*Problem to solve*.
Print the entire listing below word for word, excluding its pictures.

*Supplied information*.
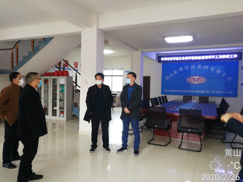 2020年2月26日,由省交通運輸廳辦公室主任張宗斌、省交通運輸廳政法處主任科員豐建雄等組成的防疫及開復(fù)工督查督導(dǎo)組對我公司承建的歙縣界牌嶺至黟縣漁亭改建工程(K0+000-K1+346)進行了檢查、督導(dǎo)工作,市海事局副局長胡要武、副縣長江成永,縣交運局局長吳會樂、副局長蔣紅雨等相關(guān)領(lǐng)導(dǎo)隨督導(dǎo)組陪同檢查。對項目的開工情況進行了了解,對疫情防控措施及防疫物資進行了檢查。
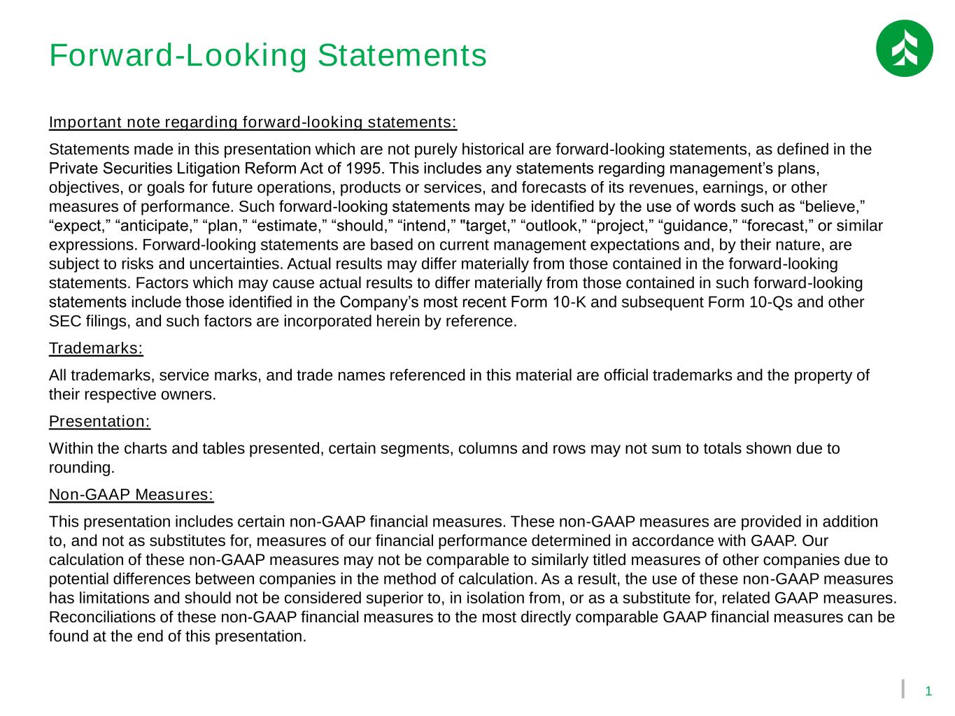 1 Forward-Looking Statements Important note regarding forward-looking statements: Statements made in this presentation which are not purely historical are forward-looking statements, as defined in the Private Securities Litigation Reform Act of 1995. This includes any statements regarding management’s plans, objectives, or goals for future operations, products or services, and forecasts of its revenues, earnings, or other measures of performance. Such forward-looking statements may be identified by the use of words such as “believe,” “expect,” “anticipate,” “plan,” “estimate,” “should,” “intend,” "target,” “outlook,” “project,” “guidance,” “forecast,” or similar expressions. Forward-looking statements are based on current management expectations and, by their nature, are subject to risks and uncertainties. Actual results may differ materially from those contained in the forward-looking statements. Factors which may cause actual results to differ materially from those contained in such forward-looking statements include those identified in the Company’s most recent Form 10-K and subsequent Form 10-Qs and other SEC filings, and such factors are incorporated herein by reference. Trademarks: All trademarks, service marks, and trade names referenced in this material are official trademarks and the property of their respective owners. Presentation: Within the charts and tables presented, certain segments, columns and rows may not sum to totals shown due to rounding. Non-GAAP Measures: This presentation includes certain non-GAAP financial measures. These non-GAAP measures are provided in addition to, and not as substitutes for, measures of our financial performance determined in accordance with GAAP. Our calculation of these non-GAAP measures may not be comparable to similarly titled measures of other companies due to potential differences between companies in the method of calculation. As a result, the use of these non-GAAP measures has limitations and should not be considered superior to, in isolation from, or as a substitute for, related GAAP measures. Reconciliations of these non-GAAP financial measures to the most directly comparable GAAP financial measures can be found at the end of this presentation.
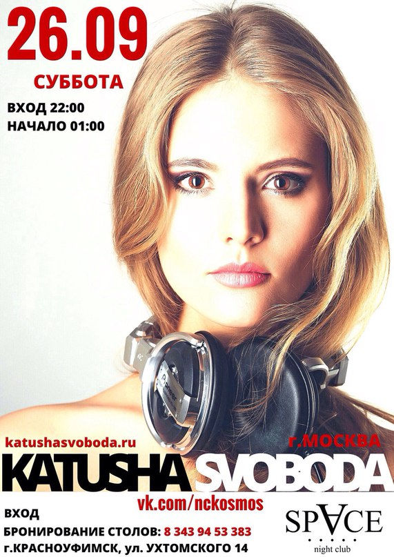 26/September - Katusha Svoboda @ Space Night Club, Russiakatushasvoboda26 сент. 2015 г.1 мин. чтения09/October - Katusha Svoboda @ BOX Vienna, Austria

*Exercise output*.
 2020年2月26日,由省交通運輸廳辦公室主任張宗斌、省交通運輸廳政法處主任科員豐建雄等組成的防疫及開復(fù)工督查督導(dǎo)組對我公司承建的歙縣界牌嶺至黟縣漁亭改建工程(K0+000-K1+346)進行了檢查、督導(dǎo)工作,市海事局副局長胡要武、副縣長江成永,縣交運局局長吳會樂、副局長蔣紅雨等相關(guān)領(lǐng)導(dǎo)隨督導(dǎo)組陪同檢查。對項目的開工情況進行了了解,對疫情防控措施及防疫物資進行了檢查。
 1 Forward-Looking Statements Important note regarding forward-looking statements: Statements made in this presentation which are not purely historical are forward-looking statements, as defined in the Private Securities Litigation Reform Act of 1995. This includes any statements regarding management’s plans, objectives, or goals for future operations, products or services, and forecasts of its revenues, earnings, or other measures of performance. Such forward-looking statements may be identified by the use of words such as “believe,” “expect,” “anticipate,” “plan,” “estimate,” “should,” “intend,” "target,” “outlook,” “project,” “guidance,” “forecast,” or similar expressions. Forward-looking statements are based on current management expectations and, by their nature, are subject to risks and uncertainties. Actual results may differ materially from those contained in the forward-looking statements. Factors which may cause actual results to differ materially from those contained in such forward-looking statements include those identified in the Company’s most recent Form 10-K and subsequent Form 10-Qs and other SEC filings, and such factors are incorporated herein by reference. Trademarks: All trademarks, service marks, and trade names referenced in this material are official trademarks and the property of their respective owners. Presentation: Within the charts and tables presented, certain segments, columns and rows may not sum to totals shown due to rounding. Non-GAAP Measures: This presentation includes certain non-GAAP financial measures. These non-GAAP measures are provided in addition to, and not as substitutes for, measures of our financial performance determined in accordance with GAAP. Our calculation of these non-GAAP measures may not be comparable to similarly titled measures of other companies due to potential differences between companies in the method of calculation. As a result, the use of these non-GAAP measures has limitations and should not be considered superior to, in isolation from, or as a substitute for, related GAAP measures. Reconciliations of these non-GAAP financial measures to the most directly comparable GAAP financial measures can be found at the end of this presentation.
 26/September - Katusha Svoboda @ Space Night Club, Russiakatushasvoboda26 сент. 2015 г.1 мин. чтения09/October - Katusha Svoboda @ BOX Vienna, Austria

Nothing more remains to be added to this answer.